Two lines below mark the span: the one containing "We use System.CommandLine" and the one containing "رندا قسيس مع". Set down both, plus every line between, exactly as they stand, and nothing else.

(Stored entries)

== Segment start ==

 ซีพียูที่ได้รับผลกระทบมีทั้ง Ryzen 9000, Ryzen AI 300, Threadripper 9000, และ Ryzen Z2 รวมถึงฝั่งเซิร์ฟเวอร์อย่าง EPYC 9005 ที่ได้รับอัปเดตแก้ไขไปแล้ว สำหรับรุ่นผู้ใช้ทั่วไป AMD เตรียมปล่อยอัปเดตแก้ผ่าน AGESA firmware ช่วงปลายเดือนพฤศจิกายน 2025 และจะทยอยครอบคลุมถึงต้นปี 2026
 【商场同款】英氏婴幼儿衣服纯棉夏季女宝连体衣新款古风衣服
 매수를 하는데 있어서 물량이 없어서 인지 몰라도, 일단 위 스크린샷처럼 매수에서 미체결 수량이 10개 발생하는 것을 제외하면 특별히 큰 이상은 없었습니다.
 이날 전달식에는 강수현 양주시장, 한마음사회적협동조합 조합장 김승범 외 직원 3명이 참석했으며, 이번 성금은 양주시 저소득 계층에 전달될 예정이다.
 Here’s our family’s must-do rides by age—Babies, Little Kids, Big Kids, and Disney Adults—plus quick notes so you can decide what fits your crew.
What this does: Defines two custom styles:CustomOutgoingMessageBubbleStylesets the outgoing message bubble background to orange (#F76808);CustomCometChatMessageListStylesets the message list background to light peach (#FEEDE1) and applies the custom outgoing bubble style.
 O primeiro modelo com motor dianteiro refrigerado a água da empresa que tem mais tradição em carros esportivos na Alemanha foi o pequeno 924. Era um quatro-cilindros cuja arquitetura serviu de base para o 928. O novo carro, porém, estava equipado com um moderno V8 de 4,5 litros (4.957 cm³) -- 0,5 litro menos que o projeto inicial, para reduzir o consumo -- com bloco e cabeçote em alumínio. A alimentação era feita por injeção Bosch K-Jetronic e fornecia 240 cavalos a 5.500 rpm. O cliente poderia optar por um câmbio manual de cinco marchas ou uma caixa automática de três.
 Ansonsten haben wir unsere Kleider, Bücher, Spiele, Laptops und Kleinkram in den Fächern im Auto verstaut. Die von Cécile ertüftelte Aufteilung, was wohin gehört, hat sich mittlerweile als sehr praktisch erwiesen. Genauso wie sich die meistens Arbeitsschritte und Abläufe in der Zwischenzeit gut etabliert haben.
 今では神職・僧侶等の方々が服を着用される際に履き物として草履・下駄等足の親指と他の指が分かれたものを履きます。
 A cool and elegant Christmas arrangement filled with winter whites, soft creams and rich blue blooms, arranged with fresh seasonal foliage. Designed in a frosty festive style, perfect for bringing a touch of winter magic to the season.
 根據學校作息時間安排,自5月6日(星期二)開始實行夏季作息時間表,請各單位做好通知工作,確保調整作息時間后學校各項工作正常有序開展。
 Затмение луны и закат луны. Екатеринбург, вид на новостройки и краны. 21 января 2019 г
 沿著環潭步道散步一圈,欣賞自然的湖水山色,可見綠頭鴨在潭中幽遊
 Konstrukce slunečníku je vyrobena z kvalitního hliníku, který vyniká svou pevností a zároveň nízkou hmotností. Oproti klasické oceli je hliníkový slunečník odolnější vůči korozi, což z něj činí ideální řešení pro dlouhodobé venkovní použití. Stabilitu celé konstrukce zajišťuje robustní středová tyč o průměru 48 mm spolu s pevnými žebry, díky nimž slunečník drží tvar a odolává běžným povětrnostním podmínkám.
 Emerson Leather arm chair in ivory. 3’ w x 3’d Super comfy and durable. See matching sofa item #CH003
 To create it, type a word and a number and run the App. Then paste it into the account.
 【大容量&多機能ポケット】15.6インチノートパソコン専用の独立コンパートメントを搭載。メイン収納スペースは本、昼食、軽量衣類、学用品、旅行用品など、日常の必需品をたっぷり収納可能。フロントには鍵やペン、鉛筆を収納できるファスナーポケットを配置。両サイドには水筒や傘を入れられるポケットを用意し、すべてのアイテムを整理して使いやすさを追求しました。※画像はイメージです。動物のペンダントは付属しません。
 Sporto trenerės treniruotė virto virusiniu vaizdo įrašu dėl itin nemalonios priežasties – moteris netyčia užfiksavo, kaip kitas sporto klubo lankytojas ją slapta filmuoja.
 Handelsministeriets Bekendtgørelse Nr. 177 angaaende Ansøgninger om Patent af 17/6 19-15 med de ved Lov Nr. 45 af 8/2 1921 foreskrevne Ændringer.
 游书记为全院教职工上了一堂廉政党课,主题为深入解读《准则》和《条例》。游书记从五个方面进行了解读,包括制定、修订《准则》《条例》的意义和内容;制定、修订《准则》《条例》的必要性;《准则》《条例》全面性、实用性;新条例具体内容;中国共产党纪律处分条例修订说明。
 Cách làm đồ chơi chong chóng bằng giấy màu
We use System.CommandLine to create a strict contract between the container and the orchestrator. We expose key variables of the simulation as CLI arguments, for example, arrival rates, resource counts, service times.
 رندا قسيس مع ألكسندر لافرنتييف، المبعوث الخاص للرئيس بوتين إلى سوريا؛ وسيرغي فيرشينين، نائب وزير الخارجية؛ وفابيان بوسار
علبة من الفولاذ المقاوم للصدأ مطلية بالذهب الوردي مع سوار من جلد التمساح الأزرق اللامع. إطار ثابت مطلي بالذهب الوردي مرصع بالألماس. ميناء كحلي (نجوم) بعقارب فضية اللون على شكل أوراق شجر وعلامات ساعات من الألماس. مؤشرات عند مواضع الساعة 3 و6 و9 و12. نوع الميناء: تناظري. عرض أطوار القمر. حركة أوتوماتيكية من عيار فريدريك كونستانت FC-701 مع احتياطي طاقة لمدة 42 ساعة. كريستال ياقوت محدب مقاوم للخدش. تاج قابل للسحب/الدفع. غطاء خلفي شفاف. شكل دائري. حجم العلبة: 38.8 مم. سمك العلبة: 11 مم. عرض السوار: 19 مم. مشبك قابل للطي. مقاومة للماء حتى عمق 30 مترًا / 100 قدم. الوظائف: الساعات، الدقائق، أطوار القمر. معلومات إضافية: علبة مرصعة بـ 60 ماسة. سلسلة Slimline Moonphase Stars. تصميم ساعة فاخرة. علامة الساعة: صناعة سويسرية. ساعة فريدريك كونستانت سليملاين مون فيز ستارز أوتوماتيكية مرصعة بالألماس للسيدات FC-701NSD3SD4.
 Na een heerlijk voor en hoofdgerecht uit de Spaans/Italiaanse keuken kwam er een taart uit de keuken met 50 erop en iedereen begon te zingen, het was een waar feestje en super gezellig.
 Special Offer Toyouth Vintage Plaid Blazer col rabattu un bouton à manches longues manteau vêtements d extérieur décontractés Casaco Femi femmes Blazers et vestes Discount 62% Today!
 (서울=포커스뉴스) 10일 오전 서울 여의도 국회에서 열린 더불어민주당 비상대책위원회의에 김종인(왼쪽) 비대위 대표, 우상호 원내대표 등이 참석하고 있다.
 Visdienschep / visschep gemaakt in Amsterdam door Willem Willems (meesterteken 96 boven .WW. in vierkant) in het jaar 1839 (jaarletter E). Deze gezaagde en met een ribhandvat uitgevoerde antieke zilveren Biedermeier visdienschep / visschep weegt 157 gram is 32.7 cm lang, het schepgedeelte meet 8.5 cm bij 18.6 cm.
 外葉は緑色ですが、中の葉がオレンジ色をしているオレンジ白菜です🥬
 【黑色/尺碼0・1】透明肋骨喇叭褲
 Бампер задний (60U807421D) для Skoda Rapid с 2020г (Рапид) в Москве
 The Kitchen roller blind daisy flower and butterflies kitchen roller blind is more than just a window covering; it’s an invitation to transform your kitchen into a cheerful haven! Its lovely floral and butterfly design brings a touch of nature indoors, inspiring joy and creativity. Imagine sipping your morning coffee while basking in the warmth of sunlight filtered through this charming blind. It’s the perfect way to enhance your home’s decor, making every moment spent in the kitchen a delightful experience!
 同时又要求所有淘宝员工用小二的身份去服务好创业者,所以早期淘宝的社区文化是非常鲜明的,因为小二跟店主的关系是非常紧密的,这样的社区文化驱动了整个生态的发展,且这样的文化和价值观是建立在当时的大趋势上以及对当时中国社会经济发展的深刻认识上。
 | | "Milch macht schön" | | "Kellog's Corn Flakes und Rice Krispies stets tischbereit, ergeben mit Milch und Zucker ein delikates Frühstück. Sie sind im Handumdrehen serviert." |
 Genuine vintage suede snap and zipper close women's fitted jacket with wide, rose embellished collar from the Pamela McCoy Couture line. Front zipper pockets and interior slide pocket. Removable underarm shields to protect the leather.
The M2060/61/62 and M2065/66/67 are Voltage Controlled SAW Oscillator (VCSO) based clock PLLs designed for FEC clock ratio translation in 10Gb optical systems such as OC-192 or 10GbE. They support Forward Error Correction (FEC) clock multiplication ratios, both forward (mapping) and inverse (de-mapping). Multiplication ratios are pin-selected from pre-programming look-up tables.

== Segment end ==

# [ANSWER BOX]
We use System.CommandLine to create a strict contract between the container and the orchestrator. We expose key variables of the simulation as CLI arguments, for example, arrival rates, resource counts, service times.
 رندا قسيس مع ألكسندر لافرنتييف، المبعوث الخاص للرئيس بوتين إلى سوريا؛ وسيرغي فيرشينين، نائب وزير الخارجية؛ وفابيان بوسار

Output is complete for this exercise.